The third reason that single reflex bandpass is so good in a car is that the coupling chamber reduces distortion via two mechanisms. First, the chamber rolls off high frequencies, and that reduces 2nd and 3rd order distortion. Second, at the tuning frequency excursion is reduced, and this reduces distortion.


If you're very very clever, it's possible to get very very good transient response from a dual reflex box, but you REALLY gotta know what you're doing. If transient response is important to you, I'd probably look at sealed boxes and tapped horns first; if you tweak the variables it's possible to get very good phase response out of both.

As for the choice of woofer in a single reflex bandpass, that's easy. Just use one that's suitable for a sealed box. Then tune the front chamber to the Fb of the sealed box, and tweak the volume of the chamber to increase or decrease bandwidth and efficiency. Bigger chamber in the front gets you more gain, but also reduces bandwidth.


----------



## Patrick Bateman (Sep 11, 2006)

Oh - one last thing.

If you want to see some really well done bandpass boxes, check out the boxes that Kef did in the early 90s.

Kef used relatively small drivers and VERY large ports. IIRC, they used two eights in their reference speaeker, with an 8" port. The woofers are physically bolted together to prevent vibration.

This makes a big difference in a bandpass. Big ports help a lot.


----------



## chithead (Mar 19, 2008)

Could you do a high excursion driver in a single reflex bandpass? Like, a 12W7?


----------



## Bayboy (Dec 29, 2010)

Yes, if you can handle the required port area which may make the build even more complex. I loathe big boxes.

Sent from my SCH-I500


----------



## Patrick Bateman (Sep 11, 2006)

chithead said:


> Could you do a high excursion driver in a single reflex bandpass? Like, a 12W7?


Sure, why not?

But for my money, the best reason to do single reflex bandpass is to get low bass out of relatively small drivers.

Bandpass box size will *always* be larger than the equivalent sealed box, because of the coupling chamber.

But excursion will be lower, so if the voice coild can handle the abuse, small woofers start to look pretty good in a bandpass.

The main reason I always use small woofer in most of the weird boxes that I build is because box size tends to get out of hand in a hurry with all of these weird alignments.
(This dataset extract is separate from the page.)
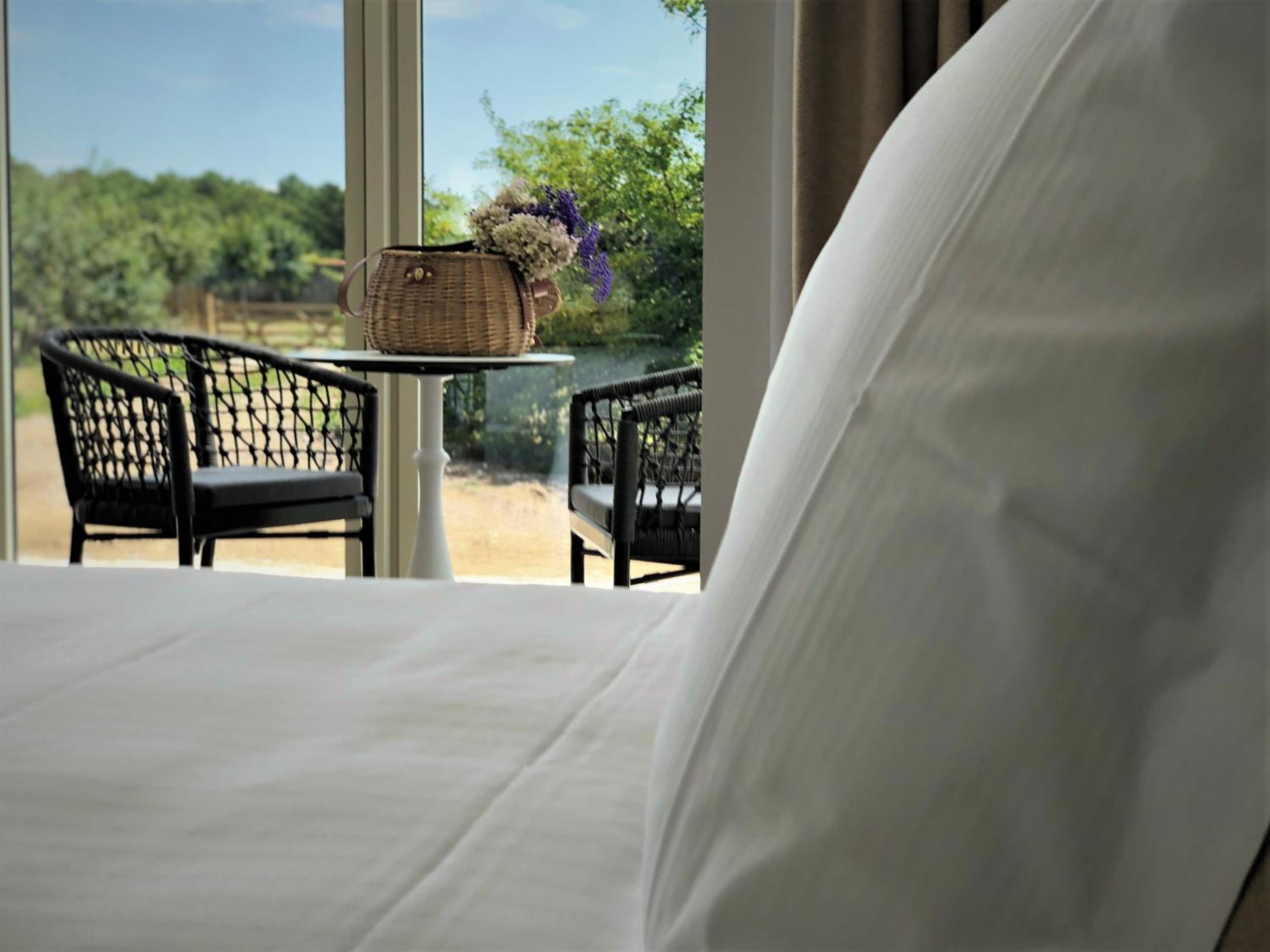 Serene Accommodations: The rooms at Eco-Domaine la Fontaine offer comfortable living spaces with en suite facilities and breathtaking views of the natural surroundings.

Even if you use an 8" driver it's pretty easy to end up with a box that will fill up the trunk.


----------



## thehatedguy (May 4, 2007)

Or you can forgo the ports and use a passive radiator.

Should be noted that Dr. Geddes's home subs are bandpass designs. Single reflex. They used to have ports but he is using a PR now.

Matty, there is a tutioral I can post up on using hornresp to do different enclosures when I get home. It's no winISD, but pretty close in terms of easy to use...and sooooo much more powerful of a program.


----------



## mattyjman (Aug 6, 2009)

^ please do


----------



## mattyjman (Aug 6, 2009)

i'm wondering how big of a bandpass box i would have to build in order to get great response from 4 type r 8's... that would be badass


----------



## mattyjman (Aug 6, 2009)

oh, and patrick, thanks for chiming in on this. i know you have spent a ton of time with less conventional boxes and the like...


----------



## thehatedguy (May 4, 2007)

Hornresp for Dum... hmm... Everyone  - Home Theater Forum and Systems - HomeTheaterShack.com


----------



## Patrick Bateman (Sep 11, 2006)

mattyjman said:


> i'm wondering how big of a bandpass box i would have to build in order to get great response from 4 type r 8's... that would be badass


Same size as a sealed box, plus about 50%.

Single reflex is really simple - just design a sealed box and stick a chamber in front of it, plust a port.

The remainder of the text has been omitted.